裏面に書いてあるとおり,プラネタリウムの観覧記念チケットなんです。

 2002年夏,アニメ「銀河鉄道999」をモチーフにしたプラネタリウムの自動演出プログラムを見ました。投影機のメーカーである五藤光学研究所の制作ですから,全国のかなりの数のプラネタリウムで投影されていたと思います。このチケットは「まちだ東急スターホール」で観覧した際にもらいました。プログラムの中味は,前半部がライブ解説で,その日の夜空の星座を案内し,後半部が,自動演出による「銀河鉄道999」のお話。お話自体は30分ぐらいなので,かつてTVアニメシリーズとして放映されていたときの1回分ぐらいのボリュームです。ストーリーも,昔のTVアニメと同じような展開。リアルタイムでTV放映を見ていた,30歳以上の人なら,けっこう懐かしく感じたのではないでしょうか。子ども達にも評判は上々でした。
 ストーリー自体はプラネタリウムの雰囲気に合います。エンターテイメント性も高いと思います。でも,プラネタリウムの演出能力を利用して上映することのメリットは,どんなもんでしょう? 番組中,投影機本体が活躍した時間って,3分も無かったんじゃないかと思います。動画はほとんどビデオプロジェクター頼み。その画質は映画には遠く及びません。こう言う番組の上映に,プラネタリウムを使うことの意味って,何だろうなぁ……。
 何はともあれ,エンターテイメントとしてのプラネタリウムの方向性としては,ひとつの良い試みだと思います。そして,このチケットのような,きめ細かい演出も,好感が持てます。

 チケットの裏面を良く読むと,
◎この記念乗車券は,あなたの「夢」を忘れない鍵としてお使いください。
◎上記目的においてご利用の場合,無期限にてお使いいただけます。

……うん,プラネタリウムは,星空への夢を売らなくてはね。

→ページトップへ


Z社製品のオーナーになる

光学関係のイベントとか新製品発表会などでもらう販促グッズ。

  

 ビクセンSX赤道儀の発表会でもらったキーホルダー。
 このときは愛称の「スフィンクス」を前面に推していましたが,最近は単に「SX」と呼ぶだけのことが多いような……
 このキーホルダーにはSXの文字は無く,しっかりSPHINXのロゴとSTAR BOOKが描かれています。VIVENのロゴも,このときに新しくしたのですが,この前の年にロゴを変えたばっかりだったので,ちょっと驚きました。

  

 こちらはカールツアイス日本法人の販促用ボールペンとニコンのペン。ツアイスのはあちこちの展示会で配っていたので,持っている人も多いかと思います。ニコンのは日本望遠鏡工業会の展示会「JTBショー」でアンケートに答えたときのお土産。シャープペンシル+赤,黒のボールペンが切り替わる,販促用としてはちょっと贅沢な作り。愛用してます。

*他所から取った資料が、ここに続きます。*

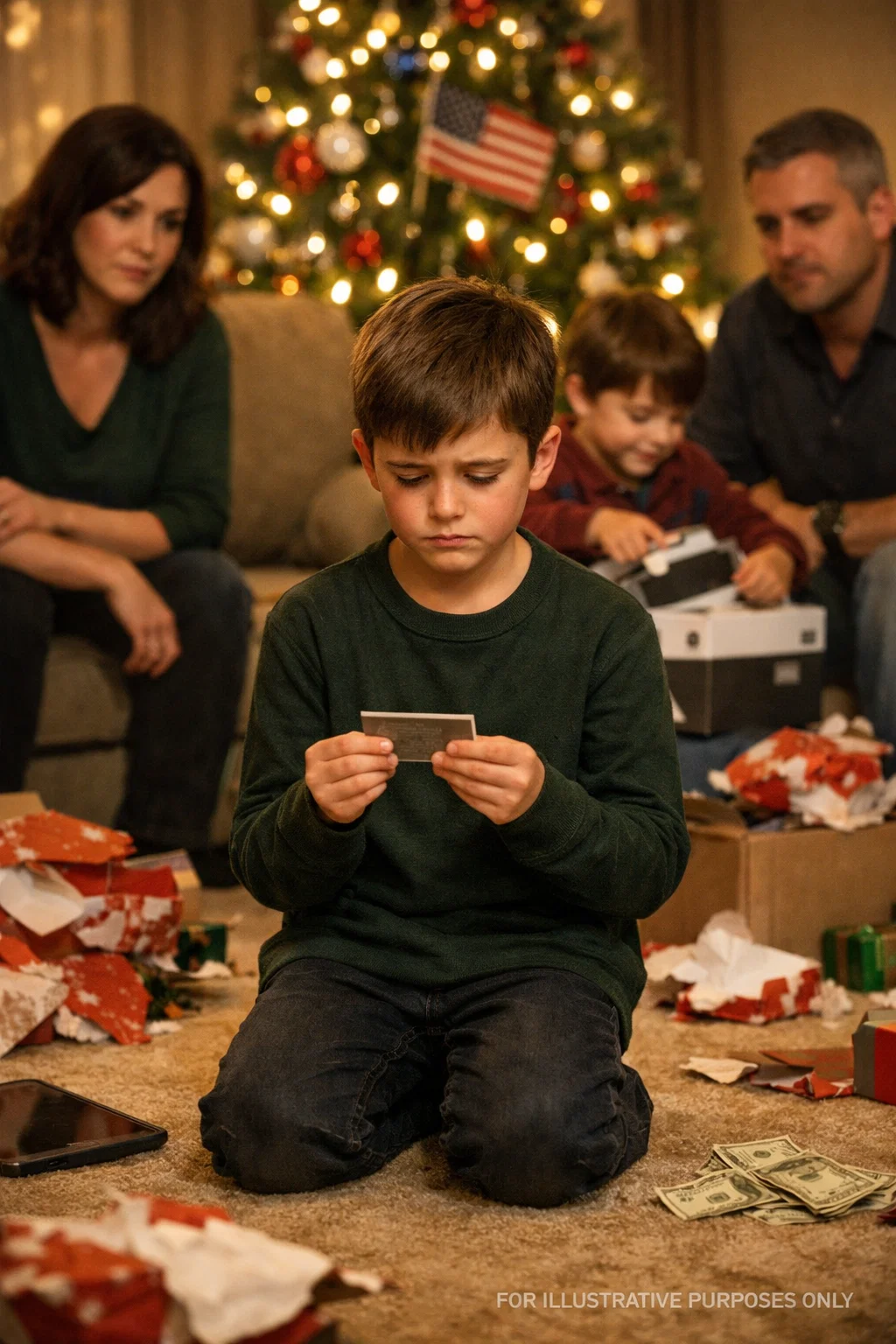 The plastic on the PS5 made a sound like applause when my nephew tore it open, that sharp celebratory rip that cuts through a room before anyone has decided how they feel about it. The sound landed right as my father placed a ten-dollar gas station gift card into my son’s hands, and for a second the timing felt choreographed, like something out of a bad daytime show where the audience gasps on cue. We were sitting in my parents’ living room in the suburbs outside Chicago, the one with the cream carpet that no one is allowed to wear shoes on, even though everyone spills cranberry sauce on it every single year. The Christmas tree glittered with fake snow and dollar-store ornaments that had been around since I was a kid. My sister’s son, Carter, already had a new iPad balanced on his knees, and I noticed an envelope thick with cash tucked carefully under his leg, like someone was afraid it might crawl away if left unattended. Someone had tied a blue ribbon around the PS5 box, looping it twice like you would if the gift were a living thing, a puppy or something that needed to be presented gently.

 自動車の発表会で憧れの高級車関係の小物(特に非売品)などを貰うと,ちょっと嬉しくなりますが,ツアイスやニコンのロゴ入りの小物と言うのも,それに似たような感覚がありますね。
 とりあえず,これで私もツアイス製品のオーナーだ(嘘)。

→ページトップへ


地球上のクレーターを見てみる

 クレーターの成因については,隕石衝突説と火山説がありますが,月のクレーターの多くは隕石(小天体)の衝突によるものと言うのが,現在では有力になっています。しかし,火山の噴火口,あるいはカルデラだと思われるもの(噴出物と思われるものがクレーター周囲に見つかっているもの)も存在しているので,このどちらの説も正解であろう,と言うのが現状かと思います。
 月にクレーターがあるのと同様に,地球にも数多くのクレーターが作られたはずです。しかし,地球では大気と水により浸食作用を受け,隕石衝突の痕跡は,どんどん形を失って消えてしまった,と考えられています。衛星写真などから,クレーターと思われる地形が見つかったり,その地形の底に,天体の衝突によって変性したと思われる岩石が発見されるなど,クレーターの存在を示す証拠は,次々と見つかっています。日本でも,飯田や高松で,隕石の衝突によるものと思われる窪地が見つかっています。
 噴火口をクレーターの一種と考えるなら,日本にはたくさんのクレーターがあることになります。例えば,阿蘇山のカルデラは,世界最大級の噴火口型クレーターだと言えます。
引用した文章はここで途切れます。